Just this Saturday pv magazine reported on positive amendments to New South Wales planning laws that will cut red tape on approvals for installing larger-scale solar systems on homes and commercial buildings, but the process has left a complying-development pathway for ground-mounted solar systems on the cutting room floor.
The NSW Department of Planning, Industry and Environment executive has today been briefed on the unintended consequences of simplifying the regulations governing rooftop solar installations in the State Environmental Planning and Assessment Act of 1979.
The simplification excised the complying-development pathway for ground-mounted solar systems up to 100 kWp, up to 10 metres in height or less than 500m² in array size, which affects development of rural and regional systems typically installed by farmers and agribusinesses to help defray the costs of pumping for irrigation or milling grain, or other energy intensive activities.
As a consequence, regional developer-installers like Ben Wynn from Wynergy in Tamworth, NSW, will now have to apply for a development approval (DA) for installations greater than 150m² (around 30 kWp given today’s high-wattage solar panels) and set higher than 5 metres off the ground.
Previously, they were able to build in compliance with technical specifications and have their work assessed and approved by an independent certifier post construction.
DAs mean time and money for country installers
The code change stands to add between $5,000 and $10,000 per approval on systems with an average value of $150,000, and each DA will take six to eight weeks to process by a “hard-working” council, estimates Wynn.
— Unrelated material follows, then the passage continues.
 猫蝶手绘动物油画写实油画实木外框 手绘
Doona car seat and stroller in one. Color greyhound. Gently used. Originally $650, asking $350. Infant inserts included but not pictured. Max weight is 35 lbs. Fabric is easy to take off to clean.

Wynn discovered the change to the legislation last week when his development consultant was doing due diligence on a demonstration project Wynergy’s commercial division is installing at Farrer Memorial Agricultural High School, to replace diesel-powered generators on four irrigation pumps used in the school’s dairy-herd paddock. The 60 kW solar installation in three 20 kW arrays will save Farrer administration between 35,000 and 70,000 litres of diesel a year, depending on rainfall and water allocation.
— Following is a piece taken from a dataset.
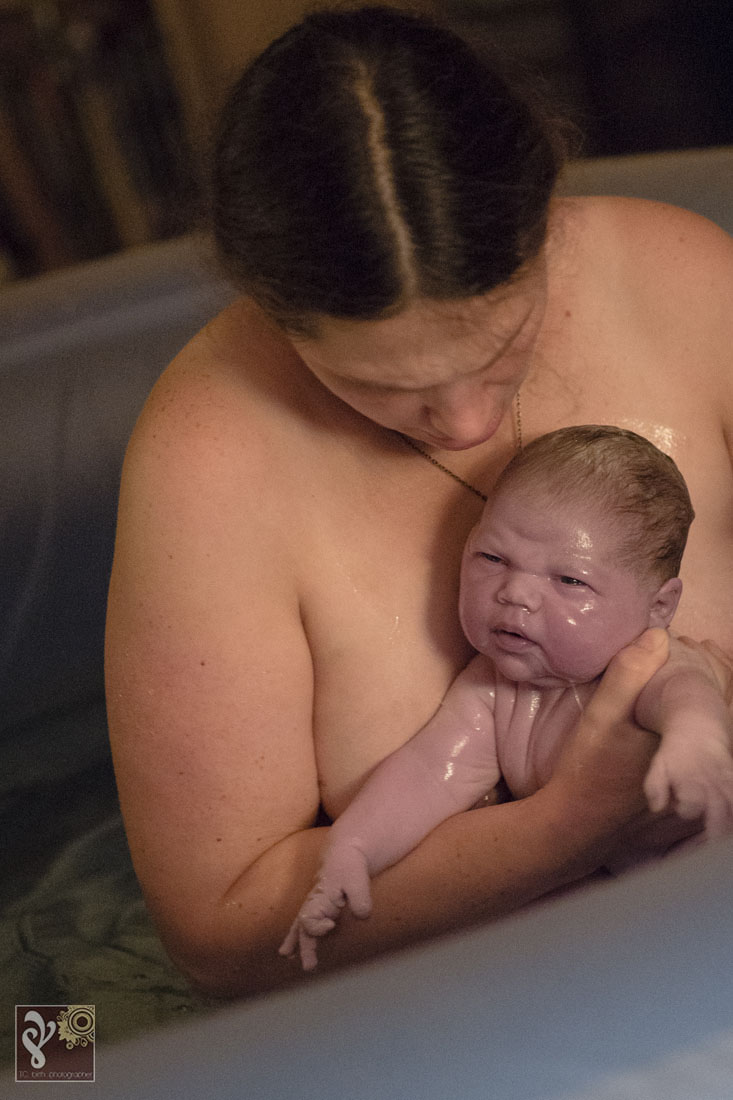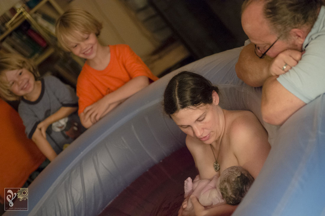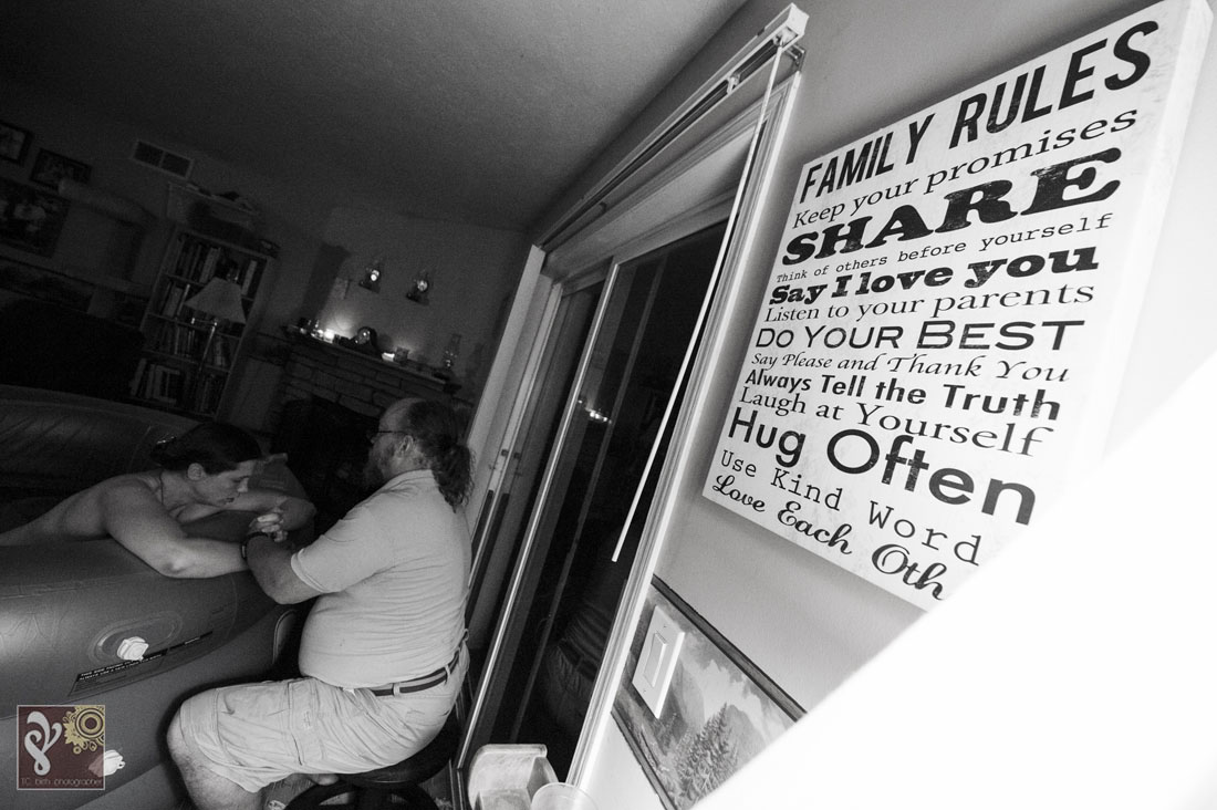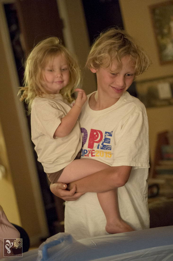 I love watching the families I photograph grow. This was a second birth that I was asked to photograph for this family. Baby Phoenix was patient and waited for the entire birth team to arrive. I loved walking into the quite room of a laboring mama. The tub was filled up and ready when I arrived. Mama was labor beside the birth pool with her husband. The kids were all in bed. The midwife team of three stood nearby making sure everything was ready for this little one once he comes earth side. She got into the birth pool shortly. This mama, who is also training to be a midwife, decided she wanted to have an unassisted birth with the midwives nearby. She was a rock star and labored each contraction beautifully. We could all see the rushes getting more intense… I knew the baby was coming soon. Minutes later she delivered her baby Phoenix into her own arms while in the birth tub. It was amazing. Shortly after the baby was born, the kids started walking into the room to see their newest sibling. The oldest and previous youngest were the first to arrive. So much excitement ran through the house. While the midwives got mama and baby set up to be more comfortable in the bedroom with dad, Big sister made a hearty post-birth meal and the other kids played/read as quietly as they could with all the excitement. The biggest surprise of the night was that this was this mama’s biggest baby yet! It filled my heart to witness the birth of this baby boy and to see the love run through this family. Thank you for asking me to be a part of this very special day. Congratulations Burgess Family!!

“I’d researched the complying pathway a few times, and I knew this was an area we wanted to push Wynergy Commercial into, because it was under 100 kW for your STCs [small-scale renewable energy certificates] and it had complying development status,” Wynn tells pv magazine.
Consultant Kate Young, contacted Wynn last Thursday, saying “Hey, did you realise that Clause 37 has disappeared?” says Wynn.
The Department of Planning changes had been exhibited for response from stakeholders in November 2019, but were predominantly expressed as changes that would make larger PV installations easier for households and businesses, so, like Wynn, many rural installers may be unaware that Clause 37(2) pertaining to complying ground-mounted development has been deleted.
Wynn read that changes had been enacted, and says “It was probably my bad and the rest of the NSW installers’ bad that we didn’t go in to check the detail.”
On learning of the impact the revised code could have on regional solar developers, Wynn immediately contacted the Department and rang around a few other installers in the Tamworth and Newcastle regions to see how the changes would affect them.
“There were eight projects being planned and built between us this year that would be over the 150m², 30KW ground mount size — that’s a total of around $1.25 million in revenue that will now have to be put on hold as we apply for DAs. It’s just a really small snapshot of a few businesses I know — let alone what the picture is statewide,” says Wynn.
A fix is in the works?
The Department of Planning was unavailable for comment, other than to say it was now aware of the issue and processes were underway to remediate the problem.
Wynn adds that his approach to the Department had received an empathetic response and that his contact seemed motivated to help maintain and grow employment opportunities on new developments, particularly during COVID-19.
Nonetheless, the time it will take to resolve the problem and likely reinstate the compliance clause is unknown.
For Wynergy, it’s a double setback, since the Farrer project was intended to demonstrate the company’s agrivoltaic solution for coexistance of solar arrays, livestock and forage crops in any paddock — providing a multifaceted solution for farmers and generating new business in the district.
Innovative agrivoltaic solution on hold
The system will use Soltec SF7 trackers, boosted in height to achieve a clearance of 2.6 metres by stands engineered to Wynn’s specifications, which allow the systems to withstand sharing space with hefty cows.
“The premise is that the paddock can still be used for the school’s dairy herd,” as it generates its own power for irrigation, “and the arrays provide shade where there wasn’t shade before”, says Wynn.
Soltec’s tracking systems can increase solar production by 25% as the panels are automatically angled to follow the sun. Mounting the systems on livestock-friendly structures differentiates Wynergy’s offering in the rural market where most solar systems are currently fixed arrays at heights that must be fenced off from livestock. Wynn has shelved marketing plans while he applies for a DA.
For all of the state’s installers of ground-mounted systems, and agribusinesses looking to harness the benefits of solar, the omission of Clause 37(2) from the Environmental Planning Policy Amendment 2020 poses expense and delay — a hurdle that can hopefully be quickly removed.